На следующий день вахмистр вызвал к себе меня, Иванченко и Федюкина.

— Пойдемте со мной к командиру, — сказал он. — Будете свидетелями, как я ему рапортовать буду…

Мы пошли.

Придя к командиру в переднюю, вахмистр сказал нам:

— Стойте здесь подле двери и, если денщик захочет войти в комнату на крик командира, не пускать его. Слышите? — И он вошел к командиру.

Я прильнул к щелке.

Командир, голый, толстый, встал раком к вахмистру и приказал:

— Ну рапортуй.

В воздухе блеснул длинный, с изгибом, палаш вахмистра и со свистом шлепнулся о розовое тучное тело командира. Я охнул… Командир быстро перевернулся, заорал и хотел укрыться одеялом, но вахмистр сдернул с него одеяло, и палаш свистя поднимался и опускался еще, и еще, и еще… Денщик прибежал на помощь командиру и ломился в комнату, но мы его вытолкали вон.

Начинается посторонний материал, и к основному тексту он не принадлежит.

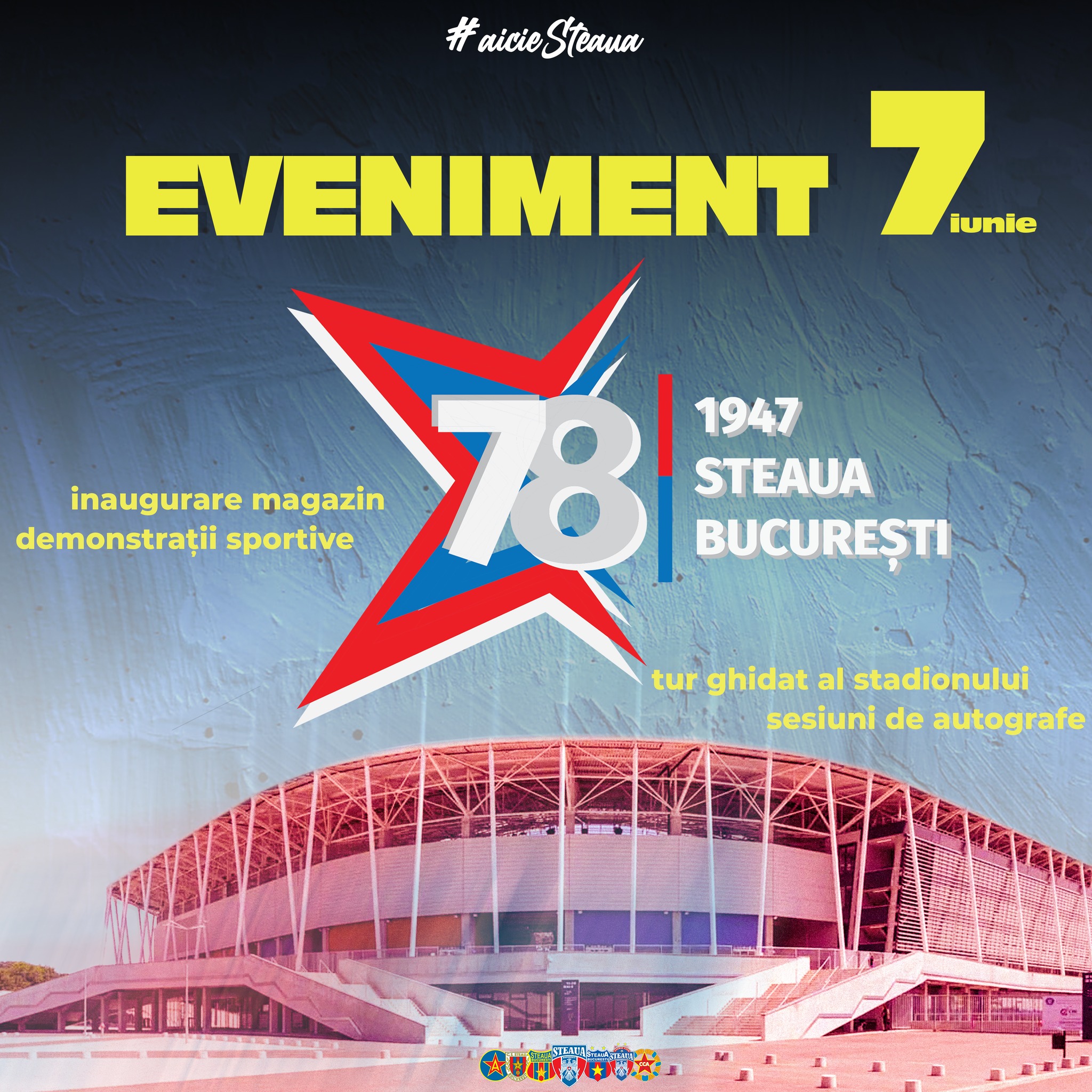 Ținând cont că, pe 7 iunie, Steaua București celebrează 78 de ani de la înființare, pe esplanada stadionului se vor desfășura demonstrații sportive, sesiuni de autografe, concursuri, tur ghidat al stadionului Steaua, dar și alte surprize. Evenimentul debutează la ora 10:00 și se va încheia la ora 17:00.

Кровь залила всю постель командира.

— Пощади!.. — вопил он благим матом.

— Сейчас, ваше благородие, я кончу рапорт… — продолжал вахмистр хлестать его палашом.

Наконец он кончил. И вышел. Он был бледен, тяжело и часто дышал.

— Идемте, ребята, — сказал он.

Мы пошли…

На следующий день командир прислал сказать, что сегодня рапорта принимать не будет, потому что болен, а когда выздоровеет, придет в эскадрон и там примет рапорт…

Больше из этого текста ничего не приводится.